Translator: Joseph Geni
Reviewer: Joanna Pietrulewicz Now, I know it might be easy to think that microbes are bad, especially for infants, but research has in fact
proven the opposite. And the truth might be
a little bit more complex, but it’s actually way more interesting. It seems that we need microbes to be programmed for good health, but not just any microbes, we need the right combination. We succeed best
with the little microbial bodies we have adapted to coexist with
during evolution. And I guess it won’t surprise you to learn that we start acquiring
that right combination right at birth. Well, at least some of us do. Babies born by C-section
and babies born vaginally aren’t the same when it comes to microbial start to life, and after birth there are
countless different early life events and circumstances that further modulate the way
the gut microbiota is developing, such as the medications that might be
prescribed for the infant or the mother, number of pets and siblings in the family, as well as level of hygiene at home, and, in this case, it’s actually better if it’s not that perfectly
clean all the time. And also nutrition,
both mothers and infants. All of these events
and circumstances play a huge role in the gut microbial development and that has a huge impact
on the lifelong health of that baby. And I’m not talking about
small health implications here. I’m talking about the big stuff. Microbes we acquire or do not acquire affect our likelihood of developing
diseases like obesity, diabetes and even some cancers. Since many of these
early life events I just listed are such that we cannot affect them, they are inevitable, for example C-sections
have been invented to save lives, and they do that daily, and most medications
are prescribed for a valid reason, especially for infants, and so on. That is why we have to learn how to protect the health of these babies after the occurrence
of such early life events that might disrupt their gut
microbiota development. I work as a researcher and as a technical lead
of an infant health platform, and the question I’m trying
to find a solution to every day at work, and the same question
I’m aiming to answer in this talk, is how can we make sure that all babies get the same shot
at lifelong health, no matter how they’re born
or what early life events they encounter. Seems like a noble cause, right? Great. So let’s figure this out. To begin, remember how I said that we need
the right combination of microbes? Well, to get that combination right, we need to receive those microbes
that inhabit our bodies in a certain order. You can think of it
like a colonization march. The very early microbes
that inhabit our bodies first change the environment in the infant’s gut so that the next microbes
are able to move in, kind of like the first invaders come in first and set up
the infrastructure for the other settlers to build upon. Now, if babies are born via C-section, that early phase of colonization
is greatly altered, because instead of vaginal,
fecal and skin bacteria of the mother, mainly only skin bacteria
enter the infant gut. And that sets that colonization march
to a totally different tone, and simply because that’s different
to what we’ve adapted to during evolution, that might cause some health disadvantages
for C-section-born babies later on. We can take weight development
as an example here. It has been already shown
in several studies that gut microbiota composition is associated to weight as well as the likelihood
of developing diseases like diabetes or cardiovascular diseases.
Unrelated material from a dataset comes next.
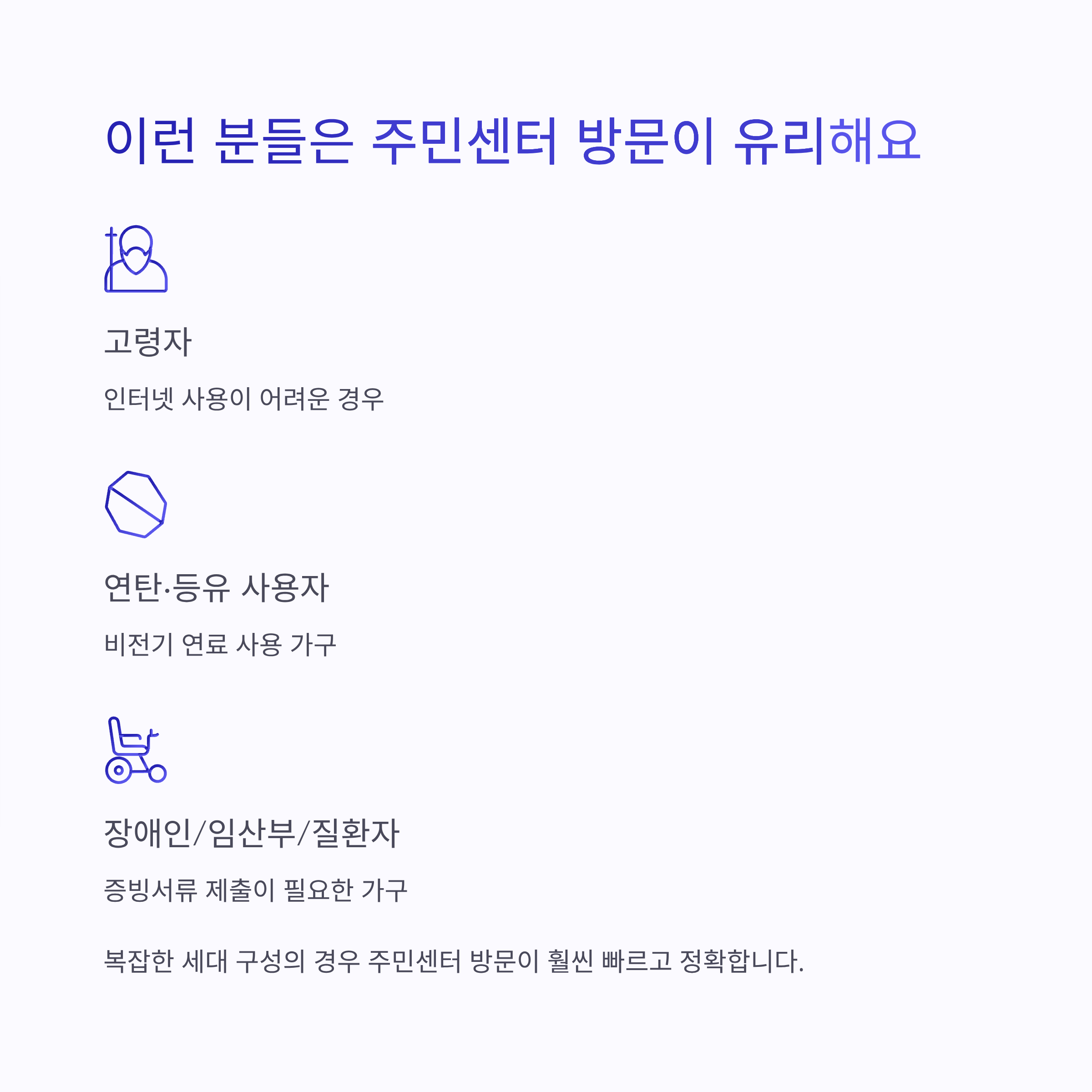 특히 장애인이나 임산부 포함 가구, 질환자 포함 가구는 증빙서류 제출을 위해 반드시 방문이 필요할 수 있어요.

But now there are some indications that you could already at infancy see from a fecal sample of a baby some microbes missing
from those individuals who will later on develop
to be obese or overweight. It has also been shown
that those same microbes might be missing from babies
who are born by C-section or who are predisposed to heavy loads
of antibiotics in early life. And to kind of close this loop, it has also been shown in some research that babies born by C-section or are prescribed with many,
many antibiotics early in life are more likely to be obese
or overweight, even by 50 percent, which is a lot. Now, I know you might
be thinking at this point that, oh no, I just had a C-section
or I was born via C-section or my child had the antibiotics. But I want you to not worry. If these microbes are missing or are lost for any reason, they can be acquired later, but the baby just needs
a little help with that. One thing that has already for some time
been known to help is breastfeeding. Breast milk is kind of miraculous: in addition to containing
nutrients for the baby, it seems to contain food
for the good microbes as well. That’s great for a breastfed baby, but we all know that all babies
are not breastfed. So what could we do to ensure that also
those babies who are not breastfed could restore their microbiota development after encountering
those disruptive early life events that might disrupt
their gut microbiota development? And now we get to the actual
solution part of this talk. The research in this field
has been taking giant steps lately. First, it was understood
that if there are some microbes missing, they can be ingested. We call the good microbes,
when they are ingested, probiotics, and probiotics have been tested in several clinical trials
during the years, also in infants, with great effects, such as reducing their risk
of eczema later in life. Now, a second revolution was realized when the eyes of researchers
were turned to breast milk. That was logical, as, like I mentioned, it was already known that breastfeeding
is able to support the healthy development of gut microbiota. There were these particles in breast milk that were found already in the 1930s called human milk oligosaccharides, but their function remained a mystery for decades and decades
after their initial discovery. They were really puzzling for researchers, as they are really abundant in human milk. They are actually
the third-largest group of solids, but they are not digestible
by humans, not even infants. So why would mothers synthesize
something to breast milk, use their resources to put something there that is not utilizable by the infant? Usually nature does not work that way. Right? So it was quite a revelation
when it was finally understood what’s the role of these particles, and that it is to selectively feed
the microbes that are best for infants, and that way to affect the infant health. There are over a hundred
of different HMO structures, and nowadays we are able to synthesize
some of them also in the lab, and that enables us to package them up with probiotics for children and infants who are not able to receive them
from breast milk to restore their microbiota after encountering
disruptive early life events. And that is the solution. As a researcher, I must say at this point that research in this field
is still ongoing and a lot of work remains to be done. That’s a favorite sentence
of us scientists. But we are taking steps
towards understanding better and better which are the key missing microbes
in various situations and what HMOs we should package
with which probiotics to help restore the microbiota of that
particular baby in that particular case. What I wish you to remember from this talk is that, yes, vaginally born
breastfed baby has the microbiota we have evolved to adapt to, but in cases where that is not possible, there are means to reduce
the negative health consequences. Lastly, I wish you to imagine
a world for a while, a world where there would be
such a health care system that when you take your baby
to a health care check, they would routinely monitor the gut
microbiota development of that baby, and if any disruptions would be noted, a tailor-made product
to restore the microbiota would be prescribed. I mean, how wonderful would that be, if the onset of any chronic diseases
would be extremely rare because of this preemptive
health care system? Can you imagine such a world? Do you believe that that kind
of future would be possible? I do. I believe in that future
and I want to contribute in the unfolding of that future, a future in which each baby
has an equal starting point for life to be programmed for lifelong health. Thank you. (Applause)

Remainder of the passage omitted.